Repeating Characters 🔁

Danny Roden
Danny Roden Administrator
edited December 2023 in Functions library

Check for same character repeated

This function uses a regular expression to identify records where the entire value of a cell is made up of the same character repeated (e.g. "aaa" or "0000000"). The idea here is to detect cells which are clearly just entered with default values (either through automated processing, e.g. in a previous migration, or through 'keyboard bashing').


See below for a screenshot with some example results displayed (note the length variable is not used in the calculation but presented to highlight some of the test values, particularly one which contains space characters):


Compatibility:

This function is compatible with all instances of Data Studio from v2.1.11 onwards.

[dl-button|Download|https://us.v-cdn.net/6031645/uploads/HWZVRS21O0NA/identify-repeating-characters.dmx]

Comments

  • Andreea C
    Andreea C Member
    edited September 2021

    Hi, how could we also identify records containing repeating characters? (in this case the repeating character would not be the entire value, but only a part of it)

    For example, if we're looking to identify characters repeating 3 times, how could we identify 'TEEEST', as well as 'EEE'?

    Thank you


    Actually I may have found a possible solution using Transformation and Parse by regular expression  (.)\1{2}

  • Fatme Kungyova
    Fatme Kungyova Experian Employee
    edited April 2022

    Hello,

    @Henry Simms and I worked on creating a function, using the regular expression, for a project that included finding words that contain repeating characters. Some of the records that we had contained groups of repeated characters, for example: "abcabcabc", others contained the same character repeated: "aaaa" or substring of a word with repeated characters: "aaaren".

    We used this function and the regular expression from the comment by @Andreea C for inspiration but changed it so it can allow groups of repeated characters to be identified. Moreover, the function also properly identifies repeated characters when punctuation and whitespace occurs. (Example: "Zab,ab,ab,abCD")

    The function can be modified easily to return required output which may be a message similar to 'There are repeated characters in the string: {the repeated chars}' or a Boolean value True/False!

    This is how the function works:

    The first part of the function uses the 'Parse by regular expression' with the regex (.*)\{2}. Then all the elements in the list created by the first step is sorted and the first value is extracted to retain the repeated characters and to remove all punctuation that may be in the string.

    The regex can be modified to to identify characters or groups of characters that are repeated 2, 3 or more times.

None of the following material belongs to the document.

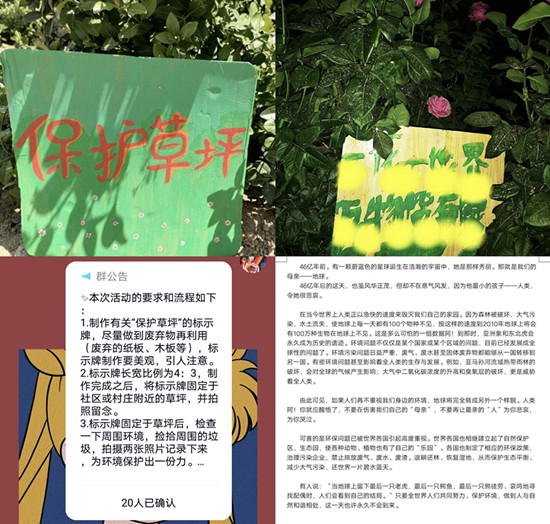 活动准备前期,活动负责人组织相关人员商讨活动流程、注意事项并分配好工作。本次活动主要要求参与者制作有关“保护草坪”的标志牌,尽量用废弃的纸板等,做到废物再利用,同时要求标志牌长宽比例为4:3,制作美观,引人注意。活动期间,同学们带着自己提前做好的标志牌来到附近草坪进行安放固定,同学们的标志牌色彩鲜艳且对比强烈,内容或朴实无华、或和蔼可亲、或幽默得耐人寻味,放在草坪中犹如一股清泉,给人带来清新的慰藉。标志牌固定于草坪后,同学们检查一下周围的环境,捡拾周围的垃圾,为保护环境出一份力。活动后期,同学们写下本次活动的感悟,发于活动群中与大家一起交流,活动负责人对活动进行总结,发放活动积分后,活动结束。
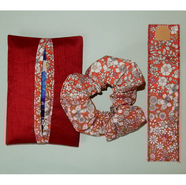 This matching set of silk tissue holder, emery board in case and scrunchy, would cheer up any pampering session. It would look so pretty on a dressing table or will fit beautifully in your handbag. The tissue holder (complete with tissues) is made from silk with a Liberty print binding to match the emery board case and scrunchy. The tissue holder is interfaced for softness and strength. The emery board case is stiffened and has a red stitch trim. The scrunchy is made from the matching Liberty print fabric.

This can be done by changing the number in the curly brackets from 2 to any number required. For example if {2} is replaced with {3}, the repeated characters have to be 4 in order to be identified by the function as repeated characters.

    The second part of the function checks if the first part returns a repeated character or a group of characters, if it does, it concatenates the message with the repeated character. Otherwise, it returns the input as given.

    This can be modified to return True or False or another message.

    Here is the DMX file for importing the function, it is compatible with all instances of Aperture Data Studio from v2(2.6.3):


  • 2 questions on this function:

    Which option do we use to create the "Repeated Characters" to put an end to that string?

    Is the dmx file something that can we downloaded above and uploaded to Aperture where this function would be added and no need to manually create it?

  • Danny Roden
    Danny Roden Administrator

    @Juan_NFCU yes, a .dmx package is an export from Data Studio containing 1 or more objects (in this case a rule). You can easily import these into your instance of Data Studio from the dropdown menu containing your 'space' options:

    Select 'syncronise' and then follow the steps to upload the .dmx package, preview what it contains and proceed to add it to your environment.

    Once in, you can apply it immediately as well as edit/tweak it as you see fit (e.g. to fix it to repeated characters at the end of the string by adjusting the regular expression in your case).

  • Juan_NFCU
    edited August 2022

    Thank you @Danny Roden. I created it based on the screenshots, but good to know that it's that simple to upload the .dmx file.